## WHAT YOU WILL DO
No pictures belong in the copy. Retype exactly, and only, the stretch of lines below from the one with "- 2 espacios" through the one with "Gain a guaranteed".

─── PROVIDED ENTRIES ───

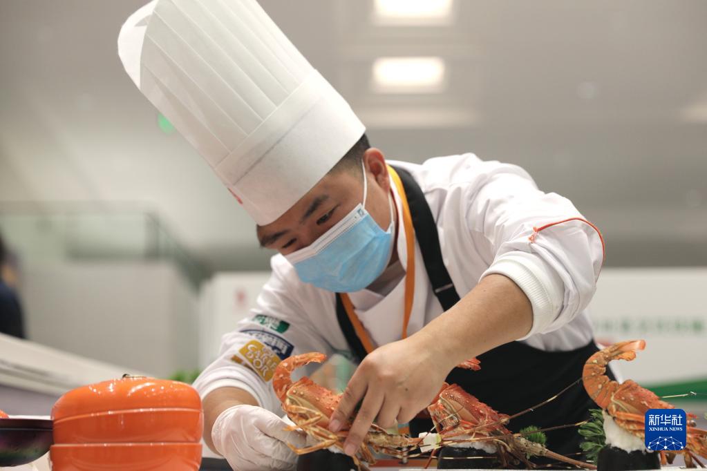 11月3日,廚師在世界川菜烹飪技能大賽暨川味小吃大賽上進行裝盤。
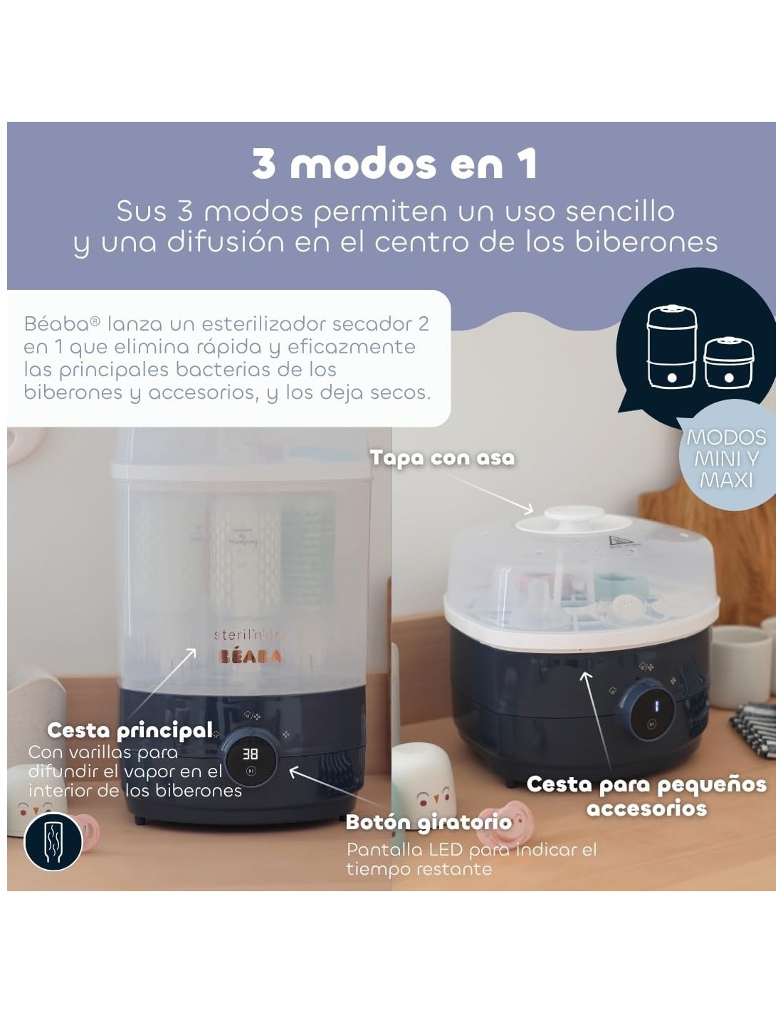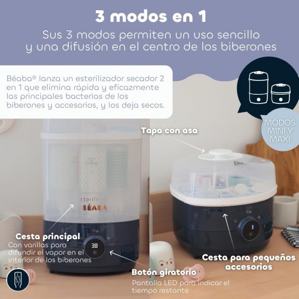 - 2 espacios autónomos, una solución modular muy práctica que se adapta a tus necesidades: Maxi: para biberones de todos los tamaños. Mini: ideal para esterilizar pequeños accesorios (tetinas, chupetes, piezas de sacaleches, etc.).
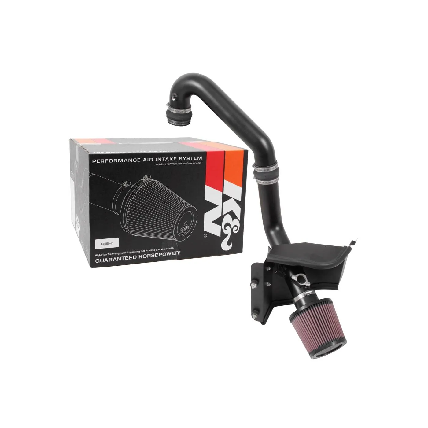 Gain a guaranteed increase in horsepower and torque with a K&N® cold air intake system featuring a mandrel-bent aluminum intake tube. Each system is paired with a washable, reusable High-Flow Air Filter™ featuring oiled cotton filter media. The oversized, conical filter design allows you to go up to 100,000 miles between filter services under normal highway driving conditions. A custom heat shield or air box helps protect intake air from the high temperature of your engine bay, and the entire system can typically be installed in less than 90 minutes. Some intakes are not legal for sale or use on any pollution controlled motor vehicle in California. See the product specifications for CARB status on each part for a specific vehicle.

───
─── PROVIDED ENTRIES ───

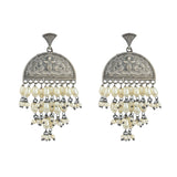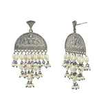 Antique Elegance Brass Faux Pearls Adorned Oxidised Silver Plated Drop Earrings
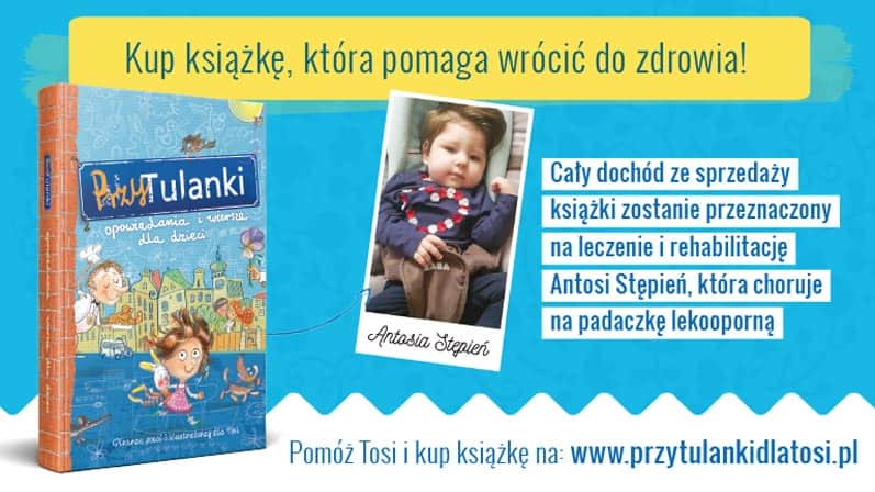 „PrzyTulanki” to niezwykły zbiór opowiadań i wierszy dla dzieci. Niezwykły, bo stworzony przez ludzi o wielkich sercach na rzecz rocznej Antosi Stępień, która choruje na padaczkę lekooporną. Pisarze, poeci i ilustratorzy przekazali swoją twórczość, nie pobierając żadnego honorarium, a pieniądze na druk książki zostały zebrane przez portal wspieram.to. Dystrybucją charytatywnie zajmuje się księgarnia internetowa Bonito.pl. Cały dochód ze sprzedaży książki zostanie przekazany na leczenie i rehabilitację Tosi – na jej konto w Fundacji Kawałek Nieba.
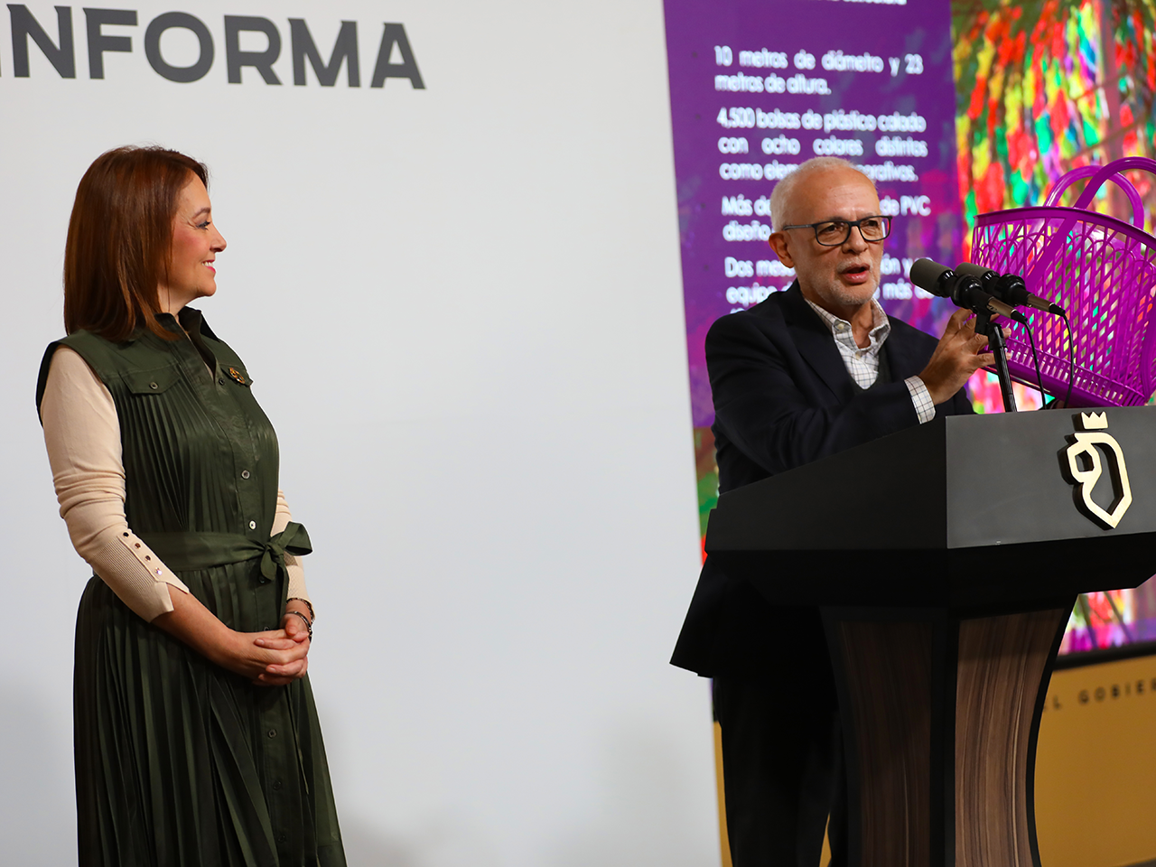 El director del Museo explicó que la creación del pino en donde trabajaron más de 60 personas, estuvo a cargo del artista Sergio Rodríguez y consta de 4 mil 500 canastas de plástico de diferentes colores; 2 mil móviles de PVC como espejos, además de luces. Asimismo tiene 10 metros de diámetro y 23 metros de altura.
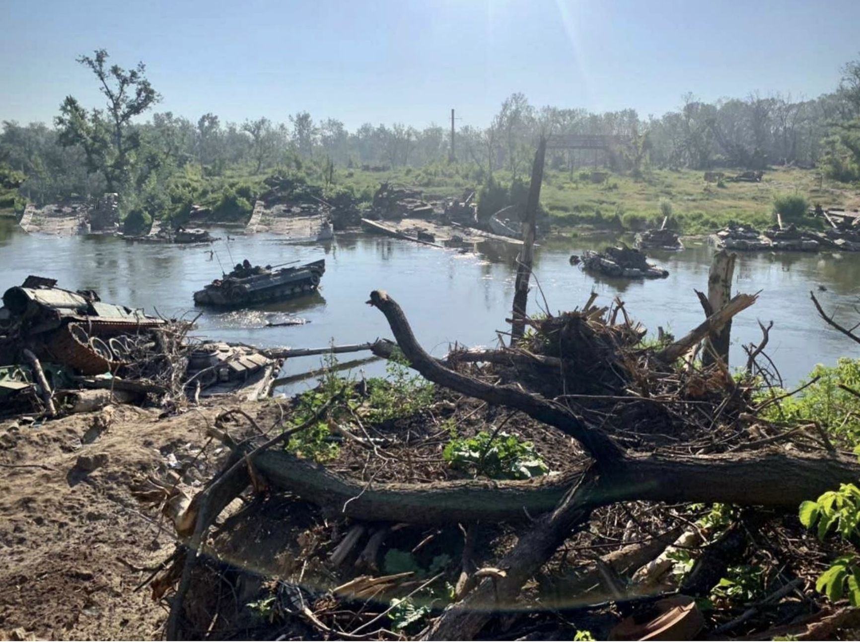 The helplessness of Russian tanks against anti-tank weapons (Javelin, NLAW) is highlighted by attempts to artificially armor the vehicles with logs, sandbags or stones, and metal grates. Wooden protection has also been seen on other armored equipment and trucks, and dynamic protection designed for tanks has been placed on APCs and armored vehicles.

───

## OUTPUT OF THE EXERCISE
 - 2 espacios autónomos, una solución modular muy práctica que se adapta a tus necesidades: Maxi: para biberones de todos los tamaños. Mini: ideal para esterilizar pequeños accesorios (tetinas, chupetes, piezas de sacaleches, etc.).
 Gain a guaranteed increase in horsepower and torque with a K&N® cold air intake system featuring a mandrel-bent aluminum intake tube. Each system is paired with a washable, reusable High-Flow Air Filter™ featuring oiled cotton filter media. The oversized, conical filter design allows you to go up to 100,000 miles between filter services under normal highway driving conditions. A custom heat shield or air box helps protect intake air from the high temperature of your engine bay, and the entire system can typically be installed in less than 90 minutes. Some intakes are not legal for sale or use on any pollution controlled motor vehicle in California. See the product specifications for CARB status on each part for a specific vehicle.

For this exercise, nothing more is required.